The vast majority of Congressional Republicans are returning to business as usual. They know that we will, rightly, blame them for a government shutdown, and they are beginning to take the heat for accomplishing nothing in these first ten weeks.
Your few citations of Rush Limbaugh, besides embarrassing yourself (why would anyone remember what Limbaugh says?), do not deny my points. We saw no Tea-Bags as Bush-Dick slaughtered Iraqi civilians & children, spent out nation into overwhelming debt, and steered the economy into disaster.
Everyone pays for Medicare, Nemesys.
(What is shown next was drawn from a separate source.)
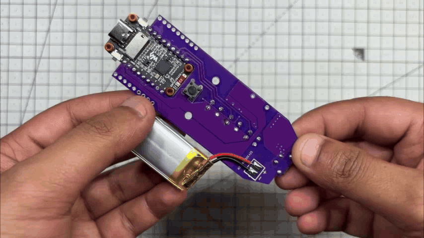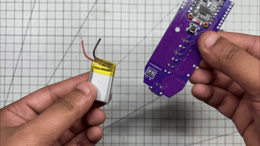 - A strip of double-sided tape is applied to the back of the LiPo cell, which is then pressed firmly onto the circuit to hold it in place.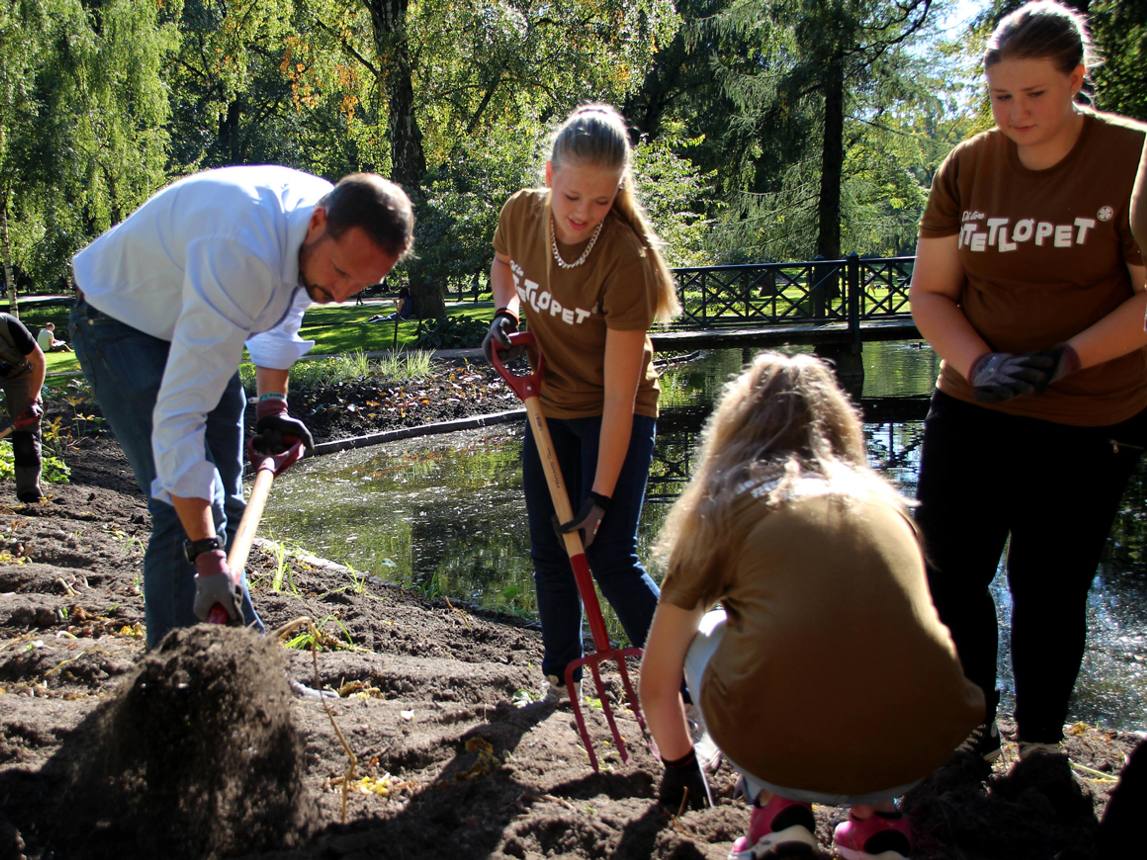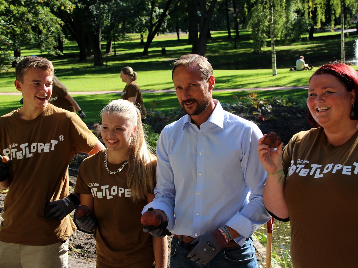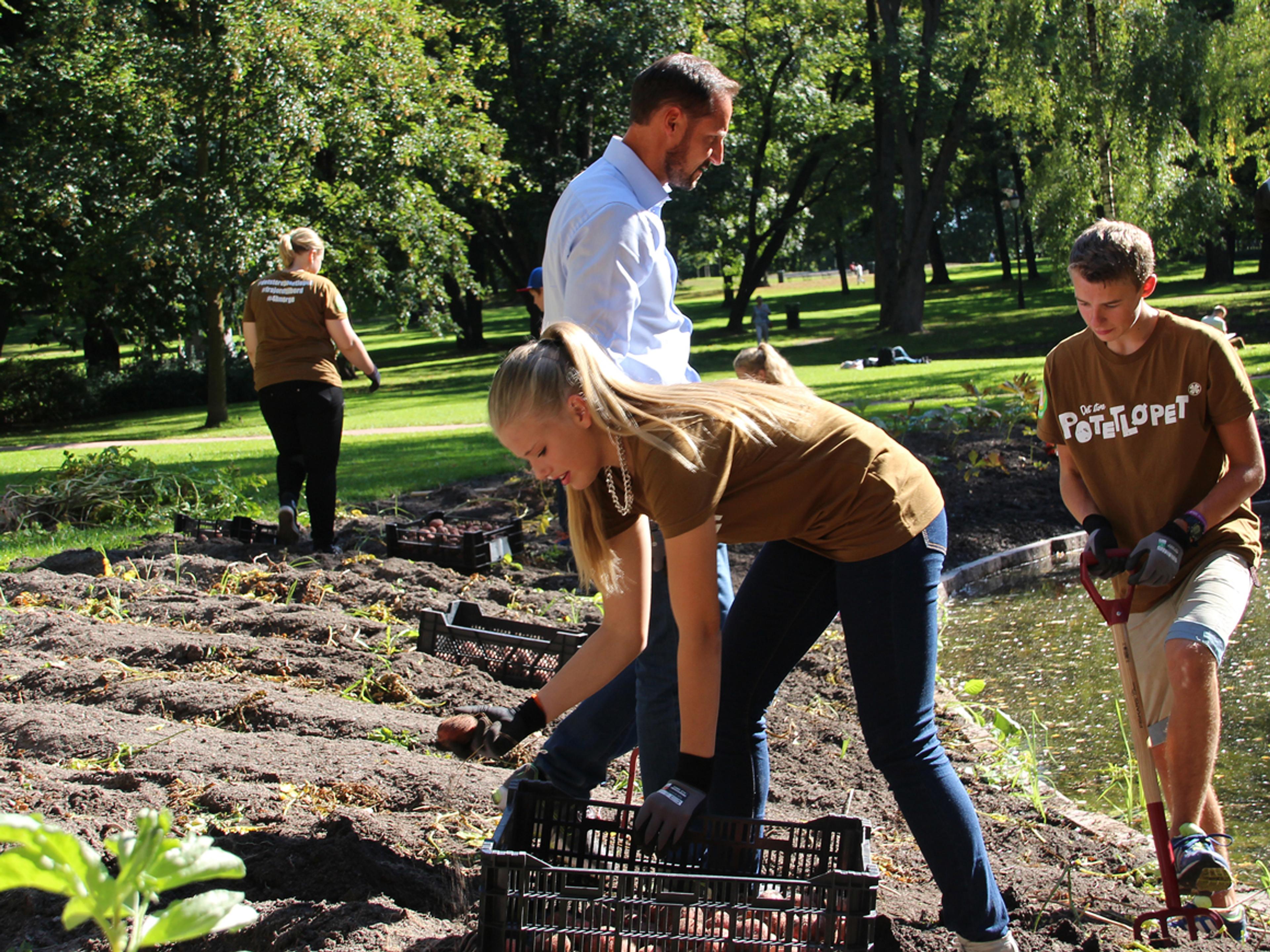 I dag var unge fra 4H invitert til Slottsparken for å hjelpe til med potethøsten. De fikk seg en overraskelse da Hans Kongelige Høyhet Kronprins Haakon kom for å hjelpe til.

You cannot be against big government while collecting Medicare unless you are moronic, hypocritical, or both.
Thanks, Drome, but I would not call American wealth “randomly distributed”.
Sluffo Premium Member over 13 years ago
Yesterday’s strip mentioned the chopper returning to Herat which is a city in West Afghanistan just south of Turkmenistan which is the country I believe Berzerkistan is modeled after. Until the end of 2006 it was ruled with an iron fist by a real loony-toon who went so far as to rename the months after himself and relatives. Sounds like Pres. Trriff eh?